▶ **Work to be completed**
Beginning with the line that holds "从有色金属来看,在俄罗斯产量", copy each line to the end of the records exactly, except the pictures.

Records for processing below:

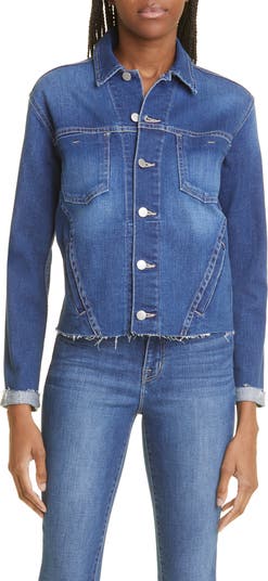 Strategic fading and a shapely silhouette define a denim jacket left with raw hems and cuffs for a bit of modern edge.
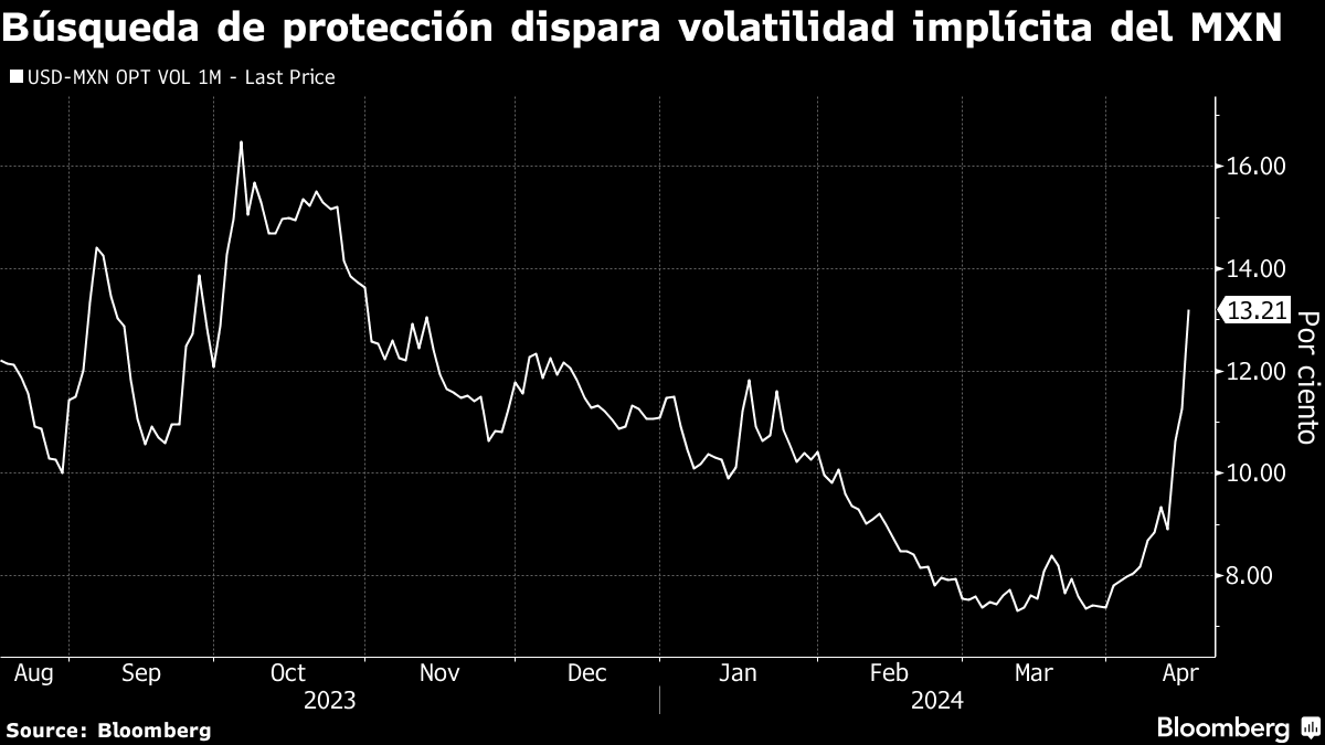 “由于波动性增加和利差预期降低,这是一个厌恶风险的环境,” BBVA 墨西哥的策略师米格尔·伊图里巴里亚说。BBVA 的预测是比索在未来两个月内达到每美元 17.40,并在年底前达到每美元 18.20,从目前的 17 开始。
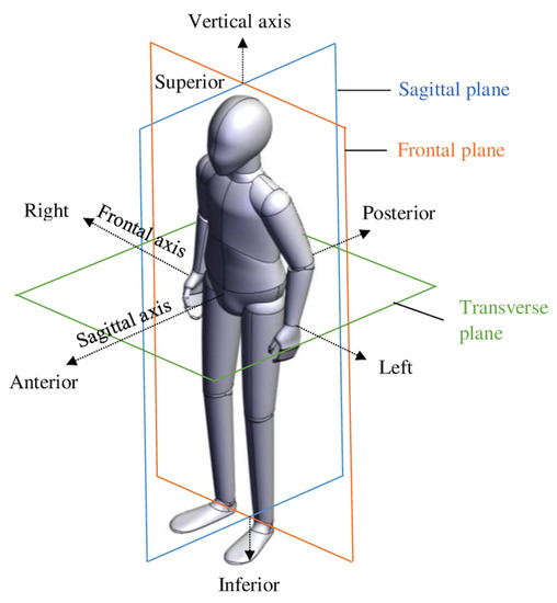 The relationship between the planes, axes, and ranges of motion in human joints is fundamental to understanding how joints function. These concepts are interrelated and play roles in describing and analyzing joint movement. Planes and axes of motion serve as useful tools for describing the directions and orientations of movements in the human body. The three primary planes, sagittal, frontal, and transverse, are associated with the frontal, sagittal, and vertical axes, respectively [34], as illustrated in Figure 2.
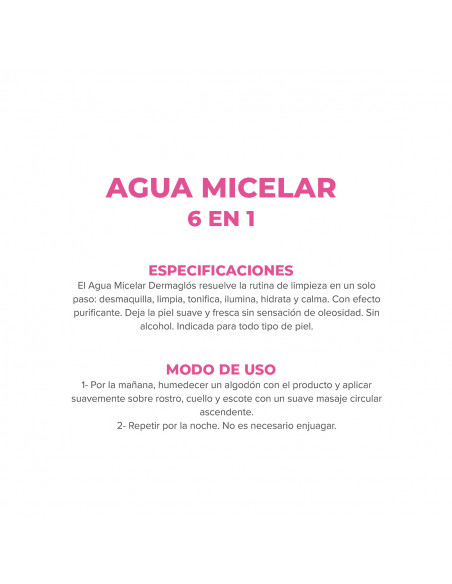 Modo de uso: Por la mañana, humedecer un algodón con el producto y aplicar suavemente sobre rostro, cuello y escote con un suave masaje circular ascendente. Repetir por la noche. No es necesario enjuagar.
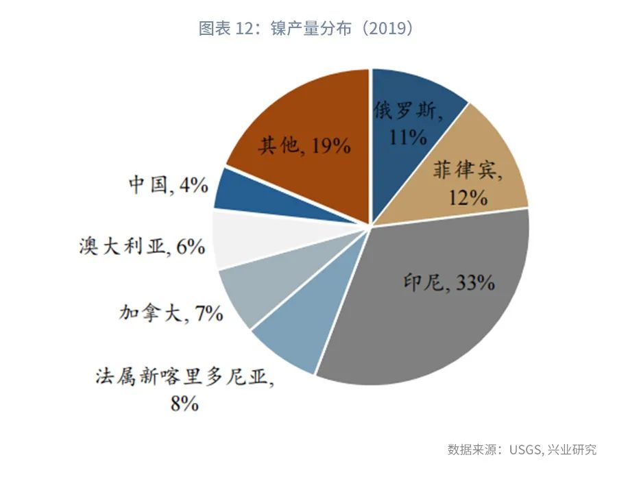 从有色金属来看,在俄罗斯产量占全球产量比重较高的有色金属品种中,钯矿和铂矿的运用较少,对PPI影响不大,但镍在不锈钢和电池领域有广泛的运用。
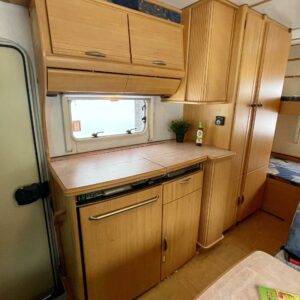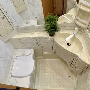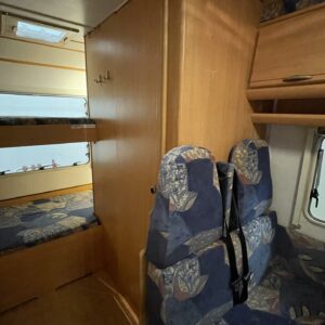 Auton takaosassa poikittaiset parivuoteet ja tilava pesuhuone/ WC.

End of Records for processing.

▶ **Solution**
 从有色金属来看,在俄罗斯产量占全球产量比重较高的有色金属品种中,钯矿和铂矿的运用较少,对PPI影响不大,但镍在不锈钢和电池领域有广泛的运用。
 Auton takaosassa poikittaiset parivuoteet ja tilava pesuhuone/ WC.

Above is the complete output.